Whether you're new to the auto industry or have been working in it for decades, you probably know that surety bonds are typically required as a part of the dealer licensing process.

As such, it's important for dealers to be bonded to ensure they manage legally qualified enterprises.

However, dealers often don't understand how these insurance products work, because the government agencies that require them don't offer much of an explanation. No matter how much experience you have as a dealer, you should understand the following five things about surety bonds:

  • Dealers must file their bonds before they can be licensed.Government licensing agencies in 47 states require auto dealers to file surety bonds before they can receive their dealer’s license. Individuals in Delaware, Ohio and Vermont do not have to purchase surety bonds to become licensed dealers, but those in every other state do.Surety bonds issued for auto dealers are a type of license and permit used to reinforce licensing laws and other industry regulations. Without a surety bond – or other acceptable proof of financial accountability – dealers cannot be licensed. 
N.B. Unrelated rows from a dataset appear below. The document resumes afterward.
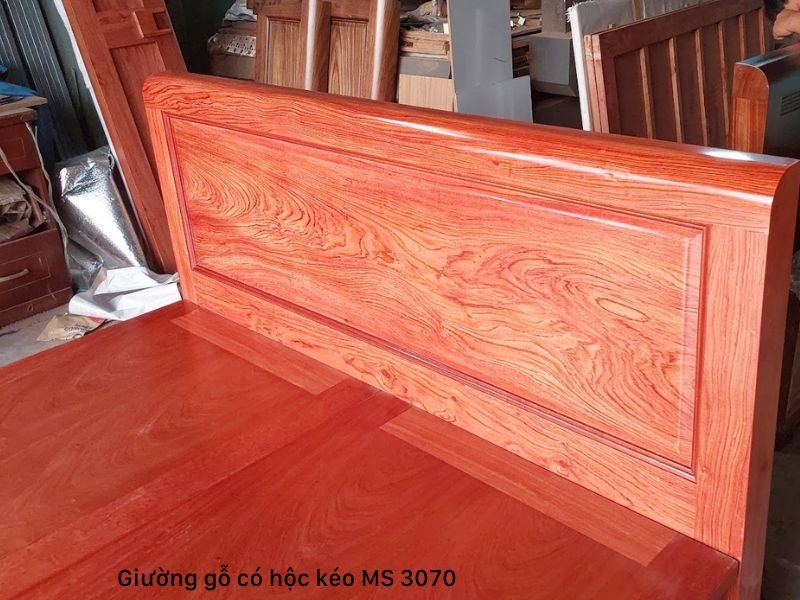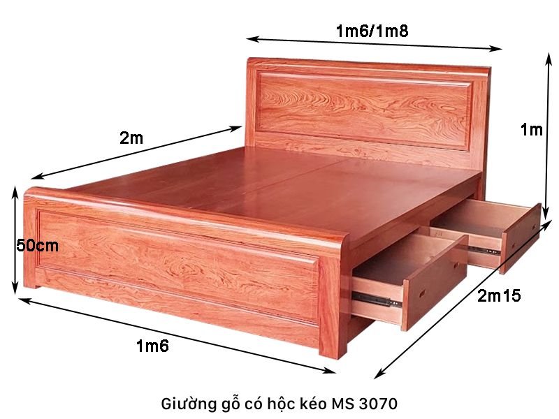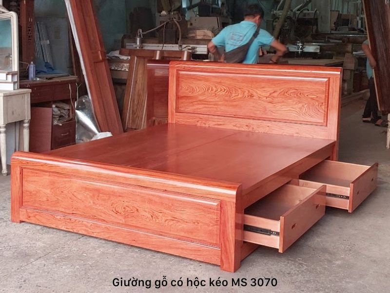Giường có hộc kéo gỗ tự nhiên vân hương đá MS 3070
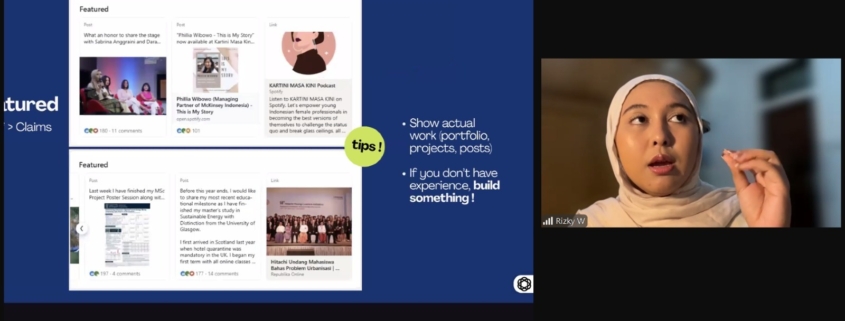 Kuliah tamu semakin menarik saat memasuki sesi quick review, di mana nara sumber meninjau secara langsung beberapa profil LinkedIn mahasiswa. Melalui evaluasi tersebut, mahasiswa dapat melihat secara nyata bagaimana detail kecil seperti foto profil, narasi personal, maupun struktur informasi dapat memengaruhi kesan profesional di mata publik.
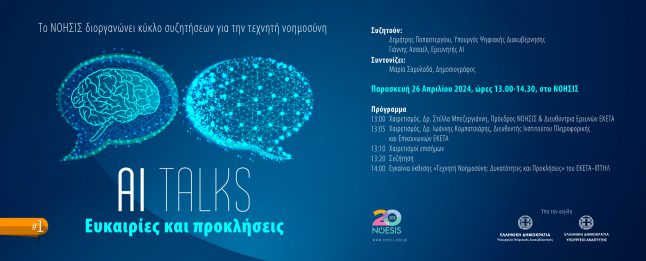 Με αφορμή την επέτειο των 20 χρόνων λειτουργίας του, το ΝΟΗΣΙΣ μεταξύ άλλων δράσεων, διοργανώνει μία σειρά ανοιχτών συζητήσεων με τίτλο “AI-Talks” με θέμα την τεχνητή νοημοσύνη, τις ευκαιρίες και τις προκλήσεις που αναδύονται μέσα από την ταχύτατη ανάπτυξη και την σχεδόν καθολική διείσδυσή της σε όλες τις πτυχές της ανθρώπινης δραστηριότητας, όπως στην ιατρική, στη νομική, στην πληροφορική, στην εκπαίδευση, στον πολιτισμό, στη δημοσιογραφία, αλλά και στη βιομηχανία, οι οποίες τελούν υπό την αιγίδα του Υπουργείου Ψηφιακής Διακυβέρνησης.
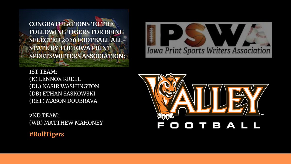 Congratulations to the following Valley Football players who have been named Honorable Mention All District for the CIML Conference. Jayden Williams-Running Back, Cael Nesheim-Wide Receiver, Braeden Edwards-Offensive Line, Trey Krause-Defensive Back, Jack Yencer-Linebacker.
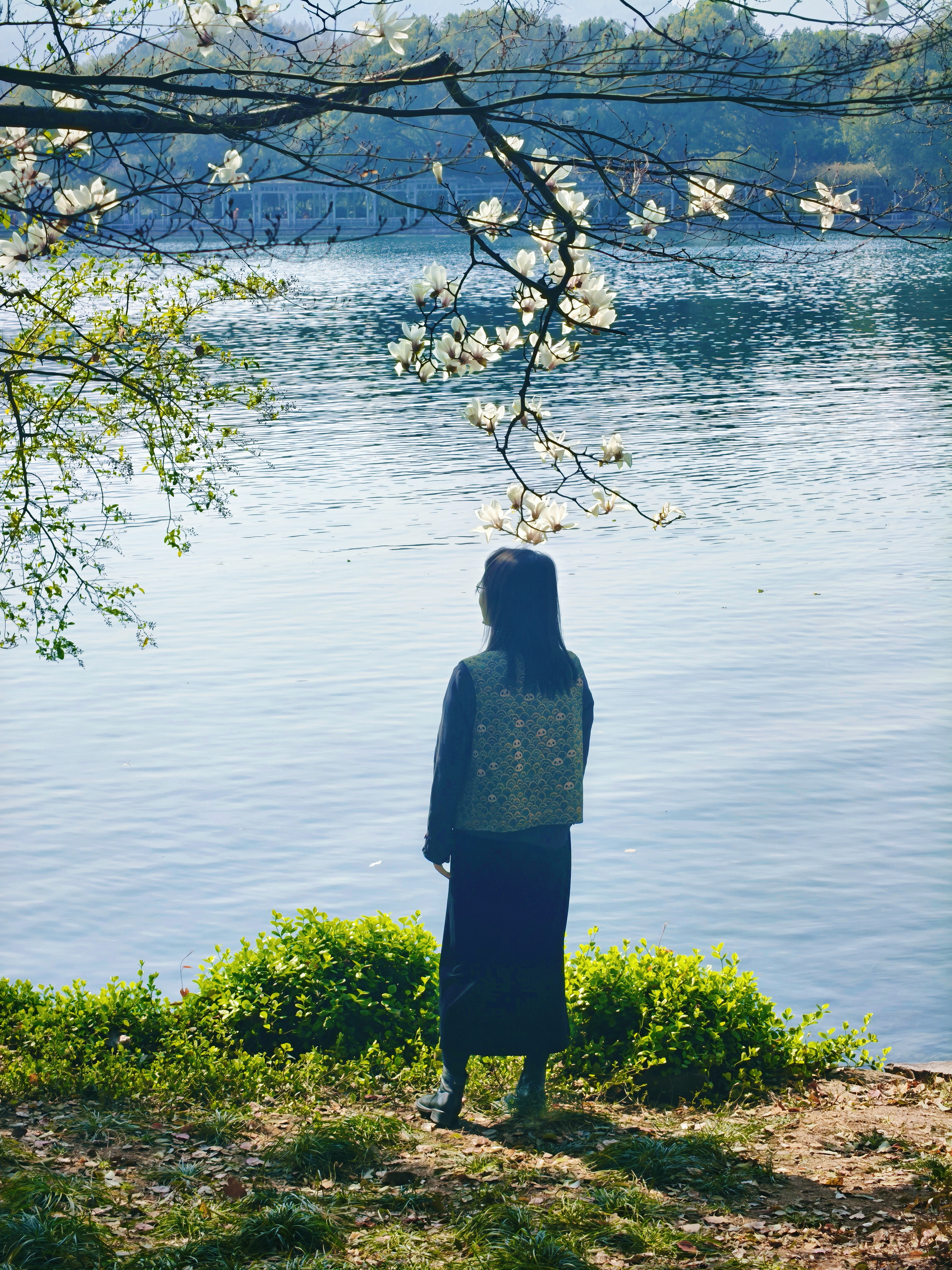 静静的,杭州西湖旁的玉兰树开了花。春的韵脚,已被这树简素的月辉,倾情晕染。玉兰之美,在风骨,习惯缄默地盛放,就像空谷里长出的幽兰,非以无人而不芳。她永远都在自顾自美丽,如传世的汝窑瓷,凝着温润柔雅的东方美韵。悠悠荡荡的香,是这纯净灵魂所散逸的芬芳。我愿做这玉兰般的人,看似孤独伫立于尘世,安享阳光雨露,也承受风霜雨雪。静默追寻扎根浮世的笃定心迹,慢慢地捡拾起自己的欢喜……
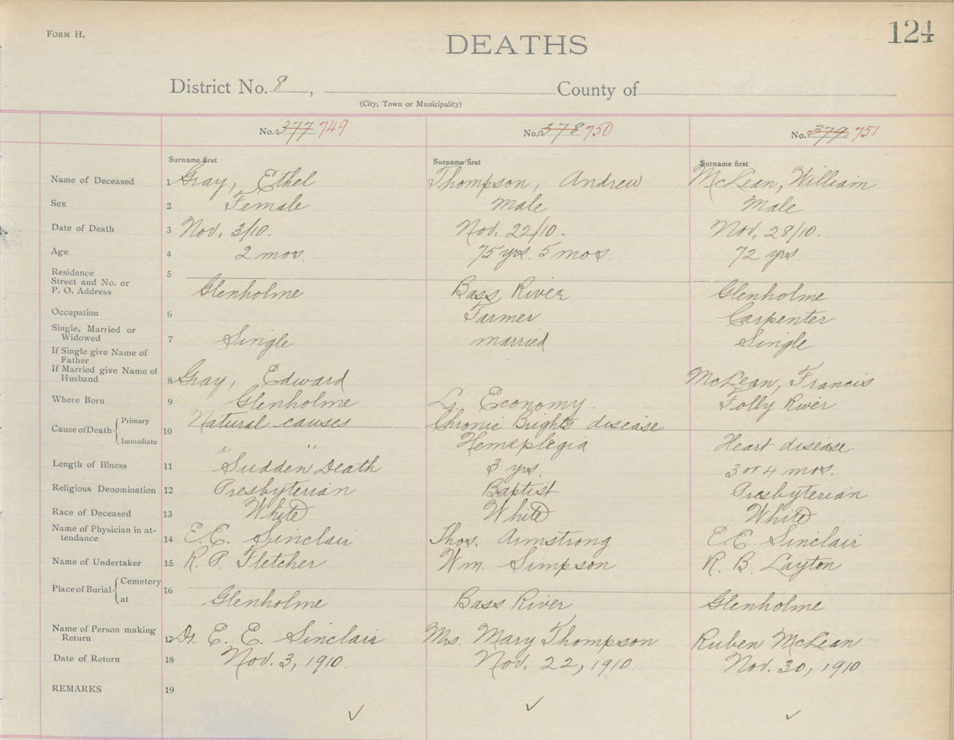 Death Registration: Year: 1910 book: 4 page: 124 number: 749

  • Surety bond insurance doesn't protect dealers.When purchasing surety bonds, many business owners incorrectly assume the financial guarantees provided by their bonds protect them from costs associated with legal claims.Although surety bonds are insurance products, they function more as lines of credit that can be used to pay for work-performance issues. Consumers can make claims on bonds to gain financial reparation when dealers use alleged unethical business practices.Government agencies also can make claims on bonds to collect penalty fines or other costs owed by dealers who fail to uphold bond terms. 
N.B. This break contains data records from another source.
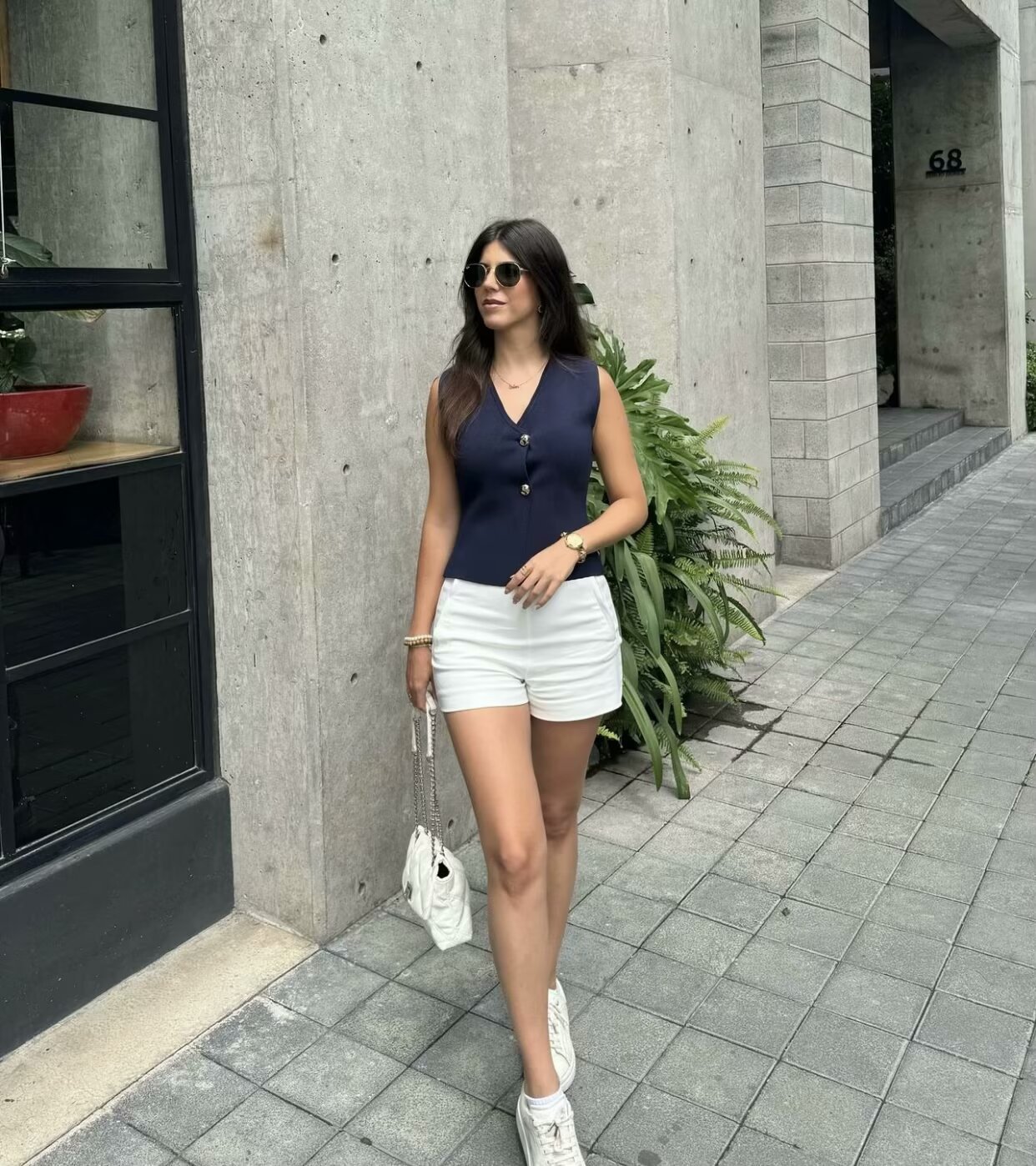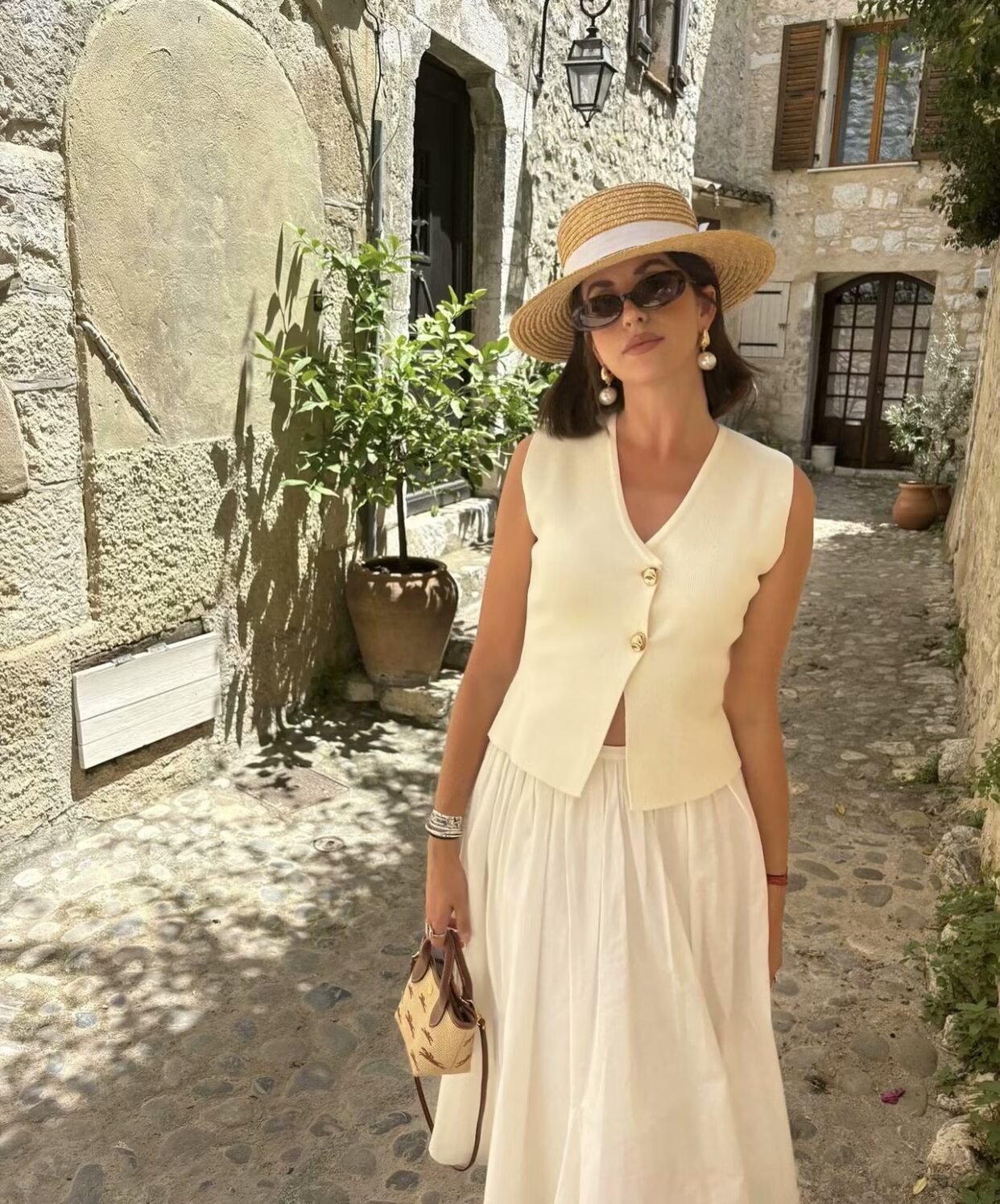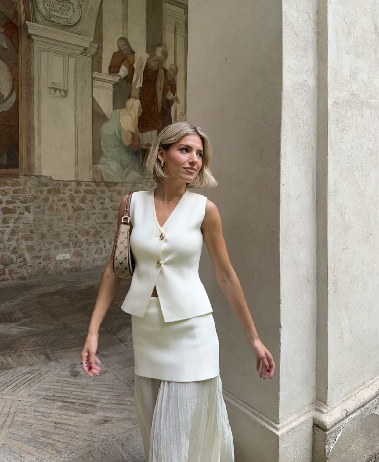 [Polyester Material] This knitted vest is made from a premium polyester fabric with a soft, lightweight knit texture that feels smooth against the skin. The fabric has a subtle stretch for a comfortable fit and retains its shape while ensuring breathability for transitional seasons [Design Feature] The sleek V-neckline elongates the neckline and is layered with a sleeveless silhouette. Two buttons on the front placket add sophisticated detail, while the slim fit gently flatters the body. Available in a range of solid colours, the design embodies elegance, balancing simplicity with sophistication
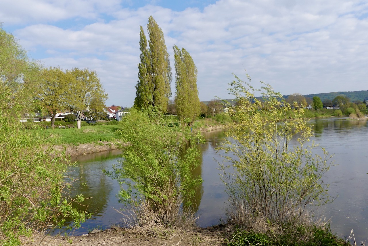 24.April Sonntag früh ist es noch frisch im Auwald der Werre. Schnell erreiche ich den Werre-Weserkuss, und die Sonne kommt raus.
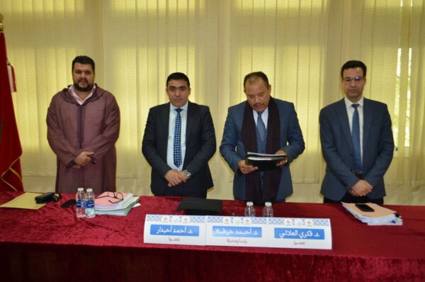 وتألفت لجنة المناقشة من الدكتور أحمد خرطة بصفته مشرفًا ورئيسًا، إلى جانب الدكتور أحمد أحيدار والدكتور فكري العلالي كعضوين.

  • Surety bonds are legally binding contracts.As with any other legal contract, dealers should fully understand the terms they're agreeing to. After all, accidentally defaulting on a contract doesn't mean you're any less responsible for your offense.Under the bond's terms, you're fully accountable for your actions. Depending on the legal language your state uses on bond forms, you might be contractually obligated to fulfill several tasks as required by industry regulations.For example, most bonds specifically prohibit dealers from misrepresenting merchandise, using unethical sales tactics, failing to provide valid certificates of title or failing to pay necessary fees/taxes to the state. 

  • Failing to maintain a surety bond as required can get you in trouble.You must maintain a valid form of surety insurance for as long as you maintain your dealer license.This means you need to renew your bond when required to avoid a lapse in bonding coverage. Failing to do so can result in fines, license revocation and even legal action against you and your dealership. Enough said. 

  • Your bond might be more expensive than you'd like.Unexpected surety-bond costs can set dealers back financially. Those who are unable to pay for their bonds won't be able to apply for their licenses. Unfortunately, this means that those who plan to start a small dealership for the first time can have the licensing process delayed until they can pay for their bonds.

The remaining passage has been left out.